La produzione ad alta densità, o high gravity brewing, consiste nell’utilizzare mosti con concentrazioni di zuccheri superiori a quelle che si intendono ottenere nel prodotto finito. Successivamente, la birra viene diluita con acqua, tipicamente prima della filtrazione o dell’imbottigliamento. Questa pratica offre vantaggi economici e logistici innegabili .

Aumentando la densità del mosto, lo stesso impianto produce una quantità maggiore di birra equivalente. Si riducono i consumi energetici per litro prodotto, si ottimizza l’uso dei fermentatori e si aumenta la capacità produttiva complessiva senza investire in nuove infrastrutture. Per birrifici artigianali in crescita, rappresenta una leva strategica per incrementare la produzione.

Le sfide, però, sono altrettanto rilevanti. Un mosto ad alta densità esercita una pressione osmotica maggiore sulle cellule di lievito. L’etanolo prodotto raggiunge concentrazioni più elevate, diventando tossico per il lievito stesso e inibendo la fermentazione. La composizione del mosto cambia: il rapporto zuccheri/nutrienti può diventare sfavorevole, con esaurimento precoce dell’azoto assimilabile (FAN). Questo porta a fermentazioni lente, incomplete, e alla produzione di off-flavor come esteri in eccesso, alcoli superiori o acetaldeide.

Il birraio che opera in high gravity deve quindi bilanciare attentamente la composizione del mosto, la gestione dell’ossigeno e, soprattutto, la quantità e la vitalità del lievito inoculato.
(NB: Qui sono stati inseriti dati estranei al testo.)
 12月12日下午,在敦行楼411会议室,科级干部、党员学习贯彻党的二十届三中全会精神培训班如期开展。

Per approfondire le tecniche di gestione dell’acqua in relazione agli stili, consulta il nostro articolo su acqua e stile birrario, un fattore spesso sottovalutato ma determinante.

Il pitching rate: definizione e impatto sulla cinetica fermentativa

Il pitching rate, o tasso di inoculo, è il parametro che definisce quante cellule di lievito vitali vengono introdotte per millilitro di mosto per grado Plato. Si esprime tipicamente in milioni di cellule per millilitro per grado Plato (milioni/mL/°P). Per le lager, il range consigliato si aggira tra 1,5 e 2,5 milioni/mL/°P. Per le ale, tra 0,75 e 1,5 milioni/mL/°P. Nei mosti ad alta densità, questi valori tendono a salire per compensare lo stress osmotico e alcolico.
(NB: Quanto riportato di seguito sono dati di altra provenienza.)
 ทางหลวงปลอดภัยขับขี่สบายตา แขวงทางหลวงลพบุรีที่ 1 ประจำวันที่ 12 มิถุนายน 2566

Un pitching rate inadeguato produce conseguenze negative. Se troppo basso, il lievito impiega più tempo per raggiungere una popolazione sufficiente a dominare la fermentazione. La fase di latenza si allunga, aumentando il rischio di contaminazioni da parte di batteri o lieviti selvaggi. La produzione di biomassa è eccessiva rispetto alla fermentazione, con consumo di nutrienti che potrebbero servire alla salute cellulare. Il risultato sono fermentazioni lente, attenuazioni apparenti inferiori e profili sensoriali squilibrati, con possibili note di acetaldeide (mela verde) o di solvente .
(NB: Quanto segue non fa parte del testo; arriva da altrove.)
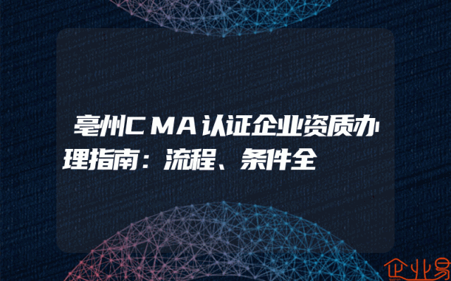 - 亳州CMA认证企业资质办理指南:流程、条件全

Se troppo alto, si assiste a una fermentazione estremamente rapida. La produzione di calore è intensa e richiede un controllo termico efficace. La competizione per i nutrienti è feroce e può portare a carenze di FAN e lipidi, con conseguente produzione di esteri in eccesso (aromi fruttati troppo pronunciati) o di acidi grassi a catena media, responsabili di note sgradevoli (goaty, capriliche). Inoltre, un pitching rate eccessivo rappresenta uno spreco economico, dato che il lievito ha un costo.

Metodi statistici per l’ottimizzazione: la Response Surface Methodology

L’approccio tradizionale “una variabile alla volta” è inefficiente e può portare a conclusioni fuorvianti. Modificando un parametro e mantenendo costanti gli altri, non si catturano le interazioni tra le variabili. La Response Surface Methodology (RSM) offre un quadro più potente. Si tratta di un insieme di tecniche statistiche e matematiche utilizzate per modellizzare e analizzare problemi in cui una risposta di interesse è influenzata da diverse variabili .

Nel contesto della fermentazione ad alta densità, la RSM consente di progettare un numero limitato di esperimenti (batch) in cui si variano simultaneamente parametri come il pitching rate, la temperatura di fermentazione, il livello di ossigenazione e il tempo di riempimento dei fermentatori. I risultati di questi esperimenti vengono utilizzati per costruire un modello matematico che descrive come ciascuna variabile e le loro interazioni influenzano le risposte desiderate: grado alcolico finale, consumo di FAN, perdita di amaro, profilo sensoriale.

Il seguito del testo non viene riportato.